In De geheime kamer , Wanneer Harry voor het eerst aankomt bij het huis van Weasley, onthult Arthur dat hij de hele nacht bezig was geweest met het uitvoeren van invallen. Omdat de meeste magische mensen Dreuzels als inferieur beschouwen, is The Misuse of Dreuzel Artifacts Office voornamelijk gericht op het handhaven van de scheiding tussen de twee werelden met alle mogelijke middelen, in plaats van Arthur's niche van het correct gebruiken van dingen zoals badeendjes. Arthur voert invallen uit om er zeker van te zijn dat heksen en tovenaars geen niet-magische objecten betoveren niets magisch kan in Dreuzelhanden vallen.

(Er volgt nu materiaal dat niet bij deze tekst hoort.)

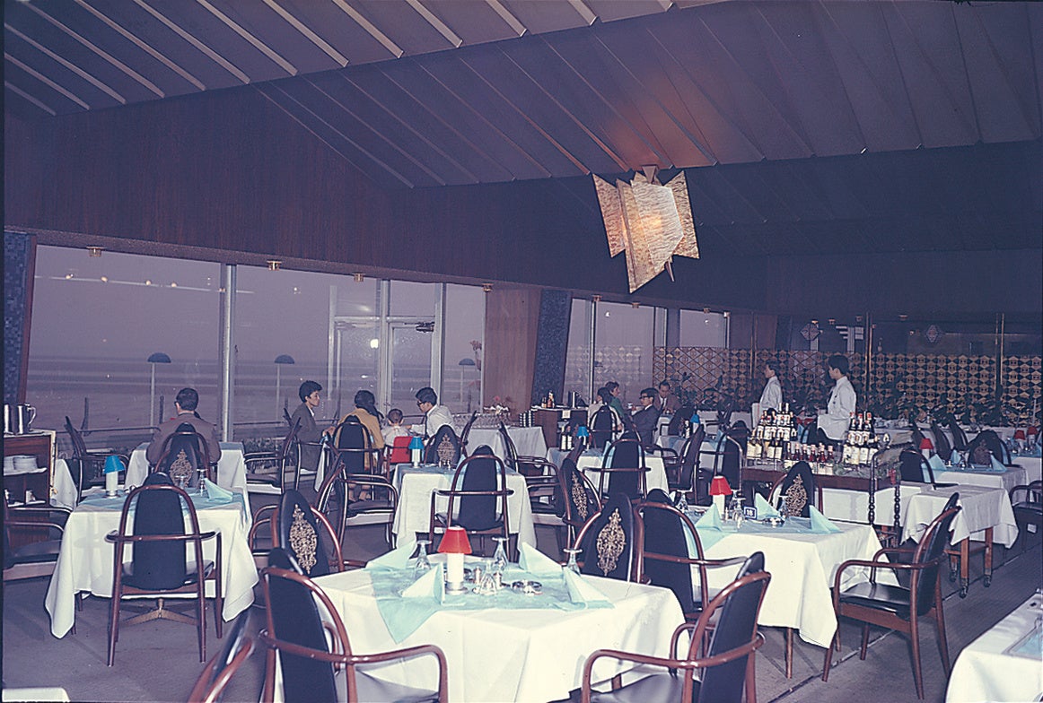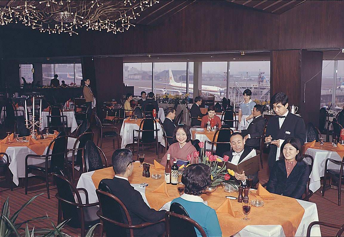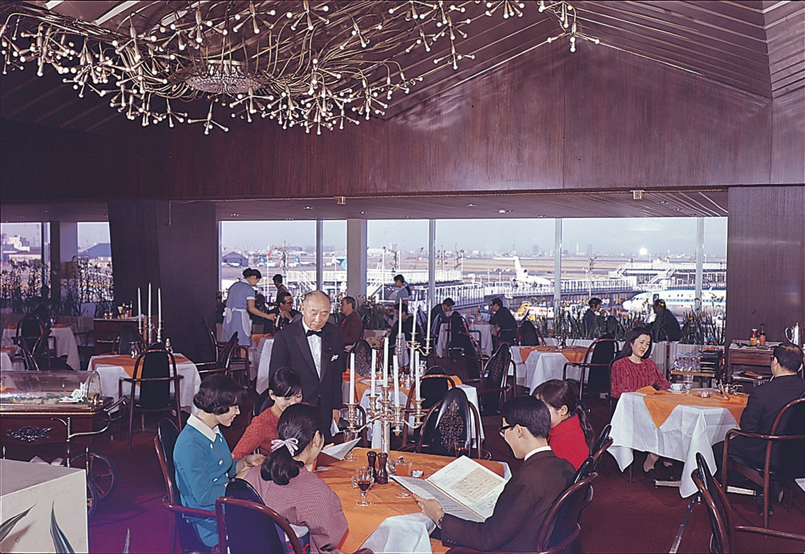 昭和当時の「Grill Avion」内観(年代不詳)。海外アーティストやハリウッド女優も訪れる高級西洋料理レストランで、高い天井にはシャンデリアが煌めき、シェフがワゴンを使いお客様の目の前で料理を仕あげる様子や、テーブルには大きな燭台にキャンドルが灯されている。また、窓の外には駐機している飛行機が見える。同店3代目料理長は今回のバトンタッチを受けて「この頃の羽田空港はエトランジェ(外国)文化の発信地でもあった」と往事を思い返して語っている。
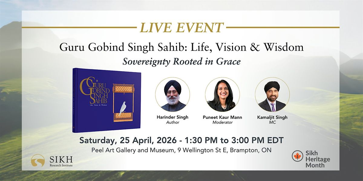 The program features a moderated conversation between Harinder Singh and Puneet Kaur Mann, hosted by Kamaljit Singh, followed by an interactive audience Q&A. Together, the discussion explores a vision of sovereignty rooted in grace—where courage, compassion, and dignity come together in the Guru’s life and legacy.
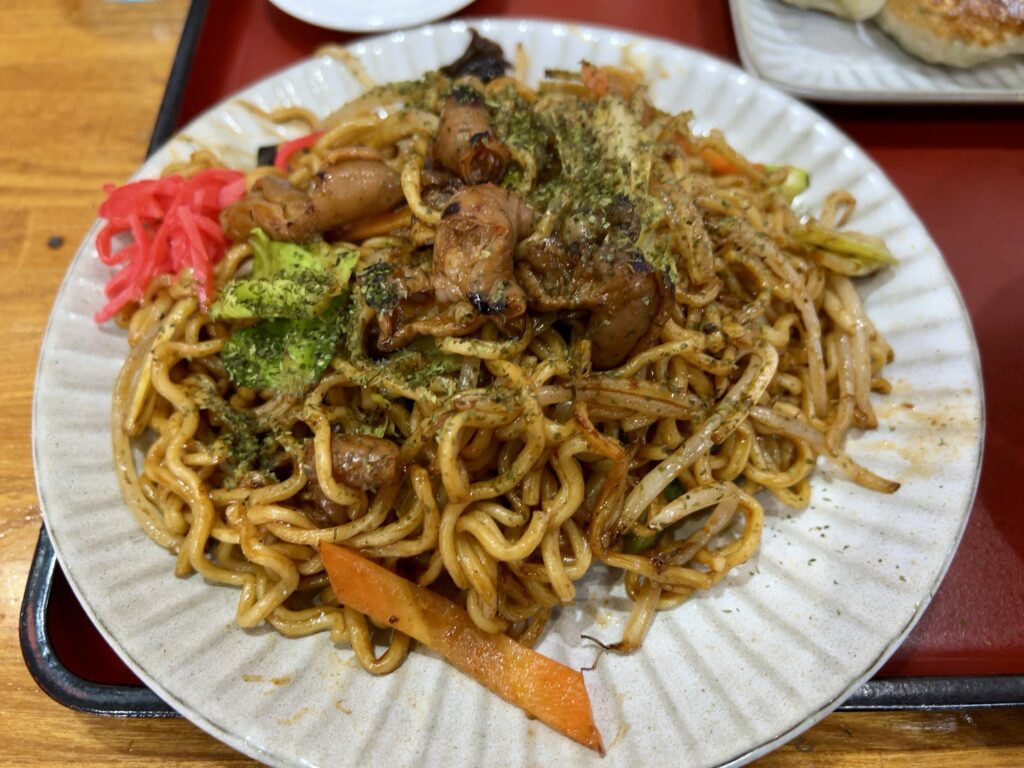 見た目は普通のソース焼きそばですが、肉の代わりにモツが入っています。

Betoverde objecten kunnen vaak leiden tot de verwonding of dood van Dreuzels, evenals de ontmaskering van de tovenaarswereld zelf. De meeste tovenaars houden zich alleen bezig met het laatste, maar Arthur's liefde voor de Dreuzelwereld maakt zijn positie des te interessanter. Hij stelde de 'Dreuzelbeschermingswet' op, bedoeld om te doen wat de titel suggereert. Hij heeft ook te maken met de nasleep van de vergissingen, zoals toen een Dreuzelfamilie het theeservies van een overleden heks kocht en de pot kokend water op hen spuugde. Arthur's knutselen met Dreuzelartefacten bracht hem helaas in de problemen toen het Ministerie hoorde dat Arthur dat had gedaan betoverde zijn auto, een Ford Anglia , vliegen en onzichtbaar worden. Hoewel het zijn taak is om te voorkomen dat dit soort dingen gebeuren, waren zijn vindingrijkheid en liefde voor Dreuzeltechnologie onmisbaar voor de inspanningen van het Ministerie om zich voor de rest van de wereld te verbergen.

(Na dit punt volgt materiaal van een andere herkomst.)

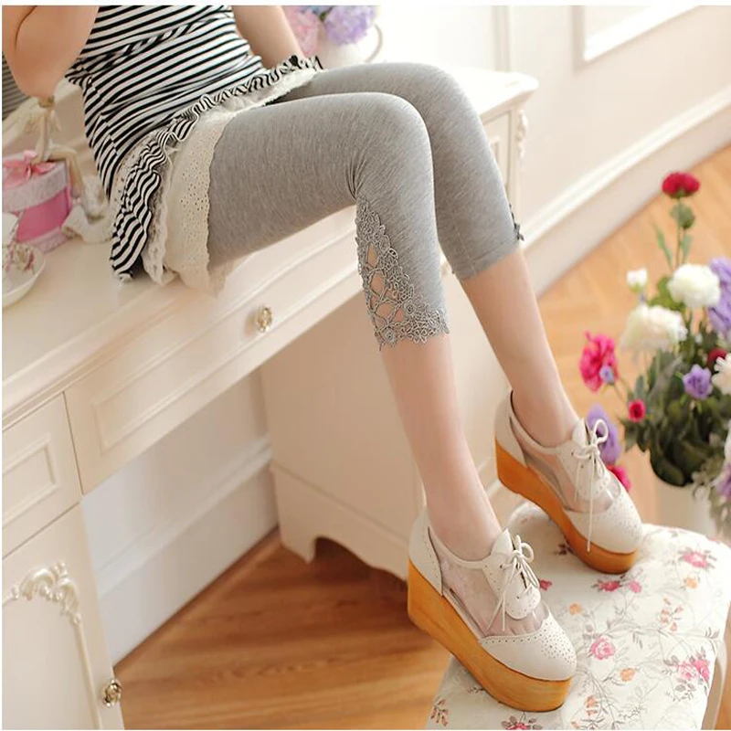 3/4 Short Crochet Lace Modal Cotton Spandex Custom Made Jeggings Pants
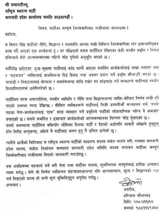 काठमाडौँ । राष्ट्रिय स्वतन्त्र पार्टी (रास्वपा) दोलखाका नेता तथा बागमती प्रदेश समिति सदस्य हरि चौलागाईंले पार्टी परित्याग गरेका छन् ।
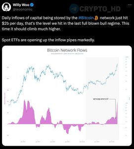 Como resultado direto das entradas massivas nos ETFs Bitcoin e de uma corrida de touros de apoio, as entradas diárias de capital armazenado pela rede Bitcoin atingiram apenas 2 mil milhões de dólares por dia, marcando mais um marco para o ecossistema.
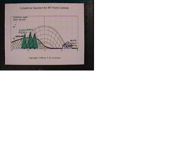 | Figure 1 shows a typical cylindrical sunchart for 50 degrees north latitude. |

hoe voelde vader Leia niet?
Arthur Weasley kreeg niet het respect dat hij verdiende

De medewerkers van het ministerie behandelden Arthur als onbelangrijk in de beste tijden en crimineel dom in de slechtste tijden. Hij werd vaak belasterd in artikelen van de Ochtendprofeet en Rita Skeeter. Ondanks dit alles wankelde Arthur nooit, werkte hij vaak overuren en bleef hij opkomen voor Dreuzelrechten, zelfs als het Ministerie dat niet wilde. Lucius Malfidus was misschien Arthur's aartsvijand in het Ministerie en daarbuiten, omdat ze elk vertegenwoordigen wat de ander het meest haatte aan de wereld waarin ze leven. Arthur deed een inval in Villa Malfidus en nam 'duistere voorwerpen van de familie' in beslag. Lucius greep elke kans aan om Arthur in diskrediet te brengen en belachelijk te maken door op te roepen tot zijn ontslag en de spot te drijven met zijn goedkope stoelen bij de WK Zwerkbal . Arthur's heldhaftige acties gingen echter veel verder dan zijn werk. Hij kwam op voor Harry tijdens zijn proces in De Orde van de Feniks en vocht dapper in de slag om Zweinstein. Hoewel er altijd op hem werd neergekeken omdat hij van de Dreuzelcultuur hield en zuinig leefde, liet Arthur zich nooit door iemand raken, standvastig vasthoudend aan zijn plichten en het streven om de wereld voor iedereen rechtvaardiger te maken.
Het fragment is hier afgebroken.